In this study the applicability of a stable-isotope dilution GC/MS method was evaluated for the determination of the four EU marker PAHs in various kinds of food supplements. A stringent quality control programme was applied in the analysis of commercial food supplements comprising oil-, botanical- and bee product-based food supplements to ensure the generation of reliable occurrence data.

The analysed food supplements showed significant variability in PAH levels. The levels for ΣPAH4 ranged between below <0.25 and 709.4 μg/kg. The priority PAH with the highest arithmetic mean content was chrysene with a value of 13.6 μg/kg and a maximum level of 280.1 μg/kg. Propolis extracts and bee products were more highly contaminated compared to other products with a ΣPAH4 mean value of 188.2 μg/kg. Low contents of ΣPAH4 (mean 2.4 μg/kg) were determined in fish and edible oil supplements. No specific tendency in PAH contamination was found for botanical products. Many of the analysed products did not contain the target PAHs at levels exceeding the LOQ.

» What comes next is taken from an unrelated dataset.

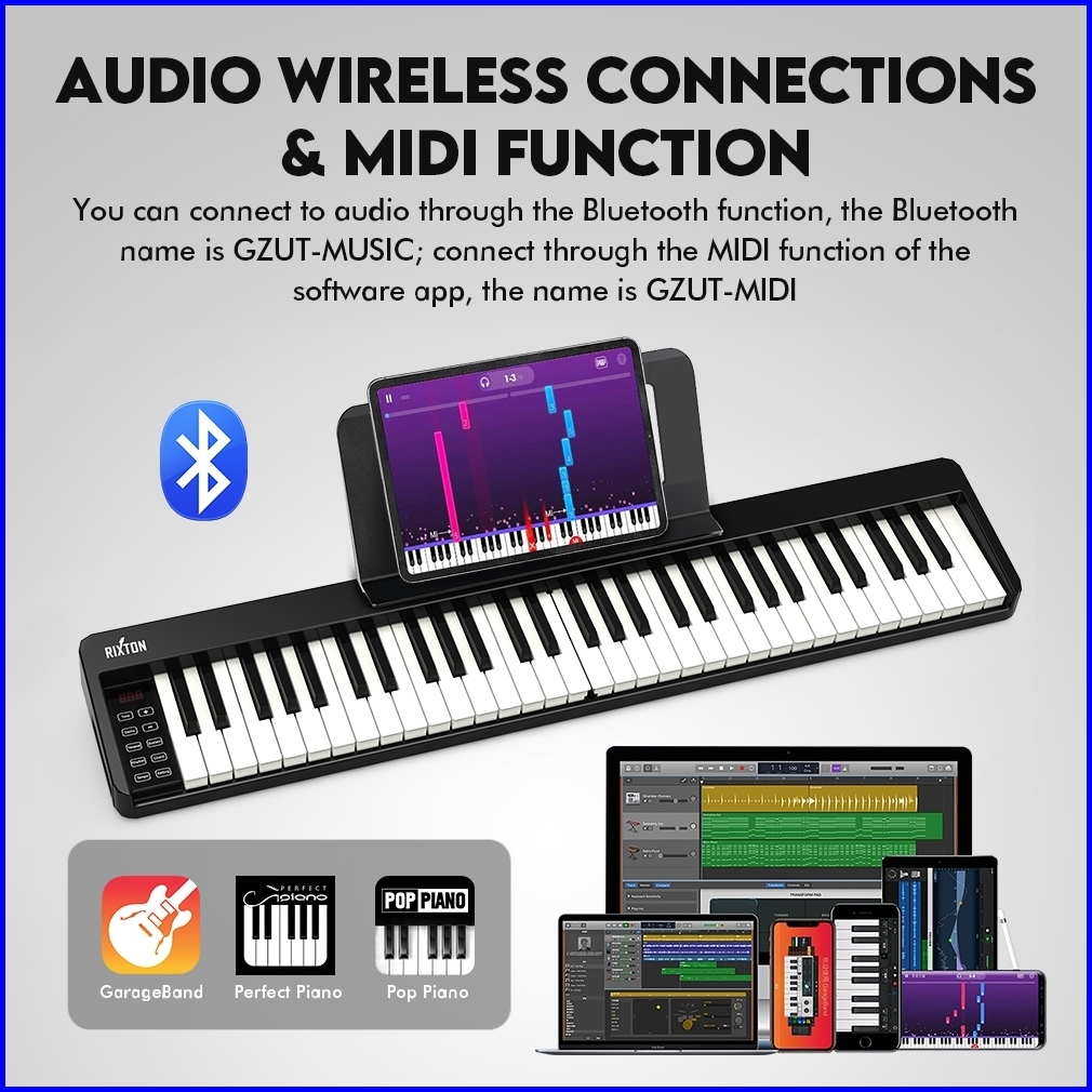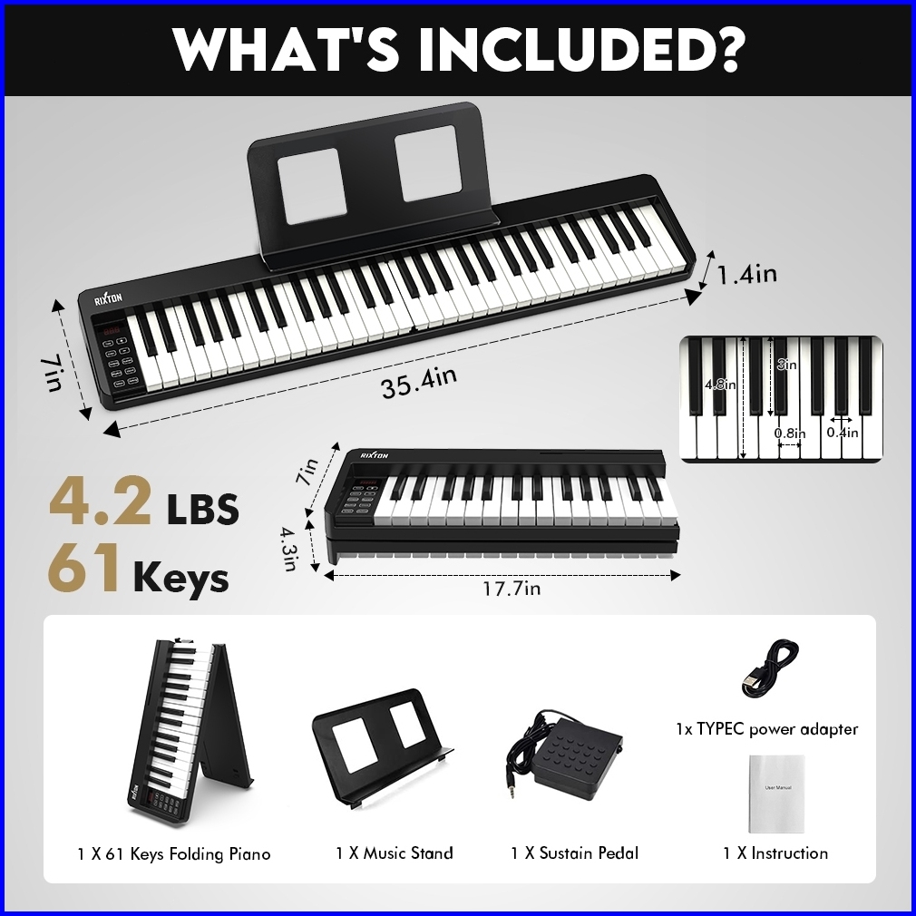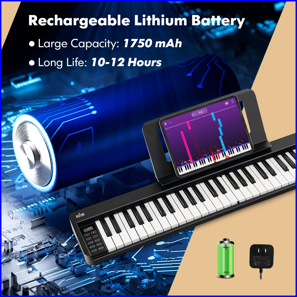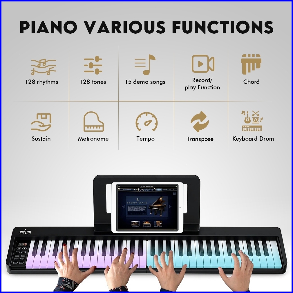 Rixton Foldable 61 Keys Keyboard Folding Piano Keyboard Musik With Full Size Semi Weighted Keys Portable Elektrik Lipat

Nevertheless, in some samples, considerably high ΣPAH4 amounts were found, which could remarkably increase the daily exposure of consumers to PAHs. This is in agreement with literature data, demonstrating the need for continuous monitoring of ΣPAH4 in food supplements. Sources of contamination should be identified for highly contaminated products and remediating measures taken.

Disclosure statement

No potential conflict of interest was reported by the authors.